Julian pinched the bridge of his nose. Nothing was ever easy. “Okay, Alan? I don’t know what the fuck you’re talking about.”

“Rabbit’s got bad rebirth luck. Like, bad luck of astronomical, super nova proportions. That guy gets fucked over in every way you can think of, every time he’s reborn.” Alan picked a bit of lint off of his shoulder, flicking it away. “I know. I’ve seen lots of his lives in the last thousand years.”

Julian stared at him, appalled at how blasé Alan was about it. “Isn’t he your best friend?”

“He’s my brother.” Alan smirked, as though at a joke he wasn’t sharing with Julian. “Anyway, the universe is just reminding him he can’t get away from it. It’d piss anyone off to know that no matter what they do, they’re screwed.”

Julian frowned, opening his mouth to ask for more information, when the curtain behind the counter shifted and Rabbit emerged.

He sauntered past Julian and Alan, hands in his pockets. “Let’s go eat.”

“Hey! Aren’t you even going to say hi to me?” Alan called after him, straightening up.

Rabbit only waved without turning as he shouldered his way through the door.

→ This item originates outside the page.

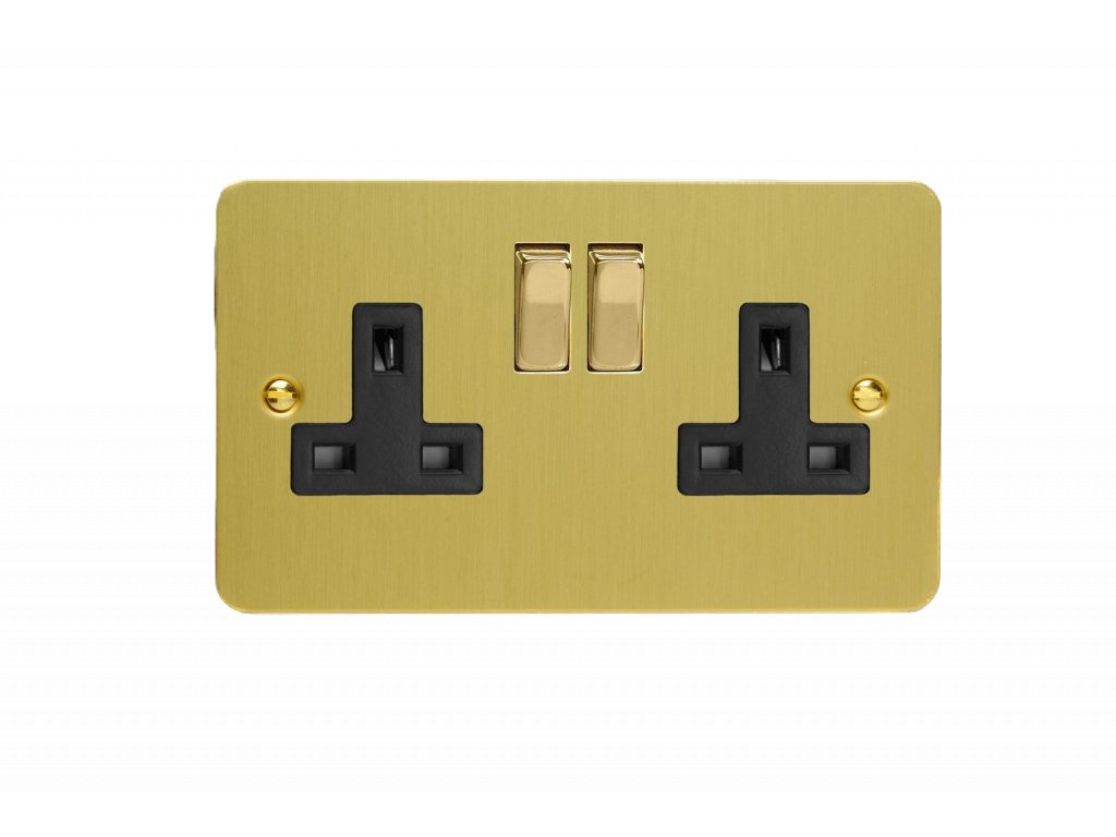 Síová zásuvka MAINS SOCKET - 2-modulový 13A 2-pólový britská zásuvka ULTRAPLOCHÉ - kartáèovaná mosaz / èerná

Alan rolled his eyes and settled back. “He better bring me sandwiches next time he shows up.”

Exasperated and no more satisfied than he had been when they’d arrived, Julian shrugged and followed Rabbit into the street. “Did Quinn tell you what language it was you saw?”

Instead of answering, Rabbit held up his hand and stepped away, taking his phone out of his pocket. Julian sighed and leaned against the bike. He had no idea what Hirokimight have bought from Alan, and as he tried to think it over, he was sidetracked by his concern for Rabbit. He wanted more details about the rebirths Alan had mentioned, but knew that even if he knew more, he couldn’t do anything about it. Pursuing it wouldn’t be satisfying, and even more importantly, it would be a violation of Rabbit’s privacy.

He watched Rabbit’s back, noting the tension in his shoulders, the way he clenched and unclenched his free hand, like it pained him. His fingers were covered in stars now; there were feathers drifting across the back of his neck.

Rabbit didn’t want help if he didn’t absolutely need it, and he definitely didn’t want pity. Julian knew him well enough to know that. As difficult and unsatisfying as it was to ignore his curiosity on even the most unimportant issues, he decided to let the question of Rabbit’s past lives go.

At least they’d be eating soon. A plate of good food wouldn’t give him answers, but at least it would be enjoyable and satisfying.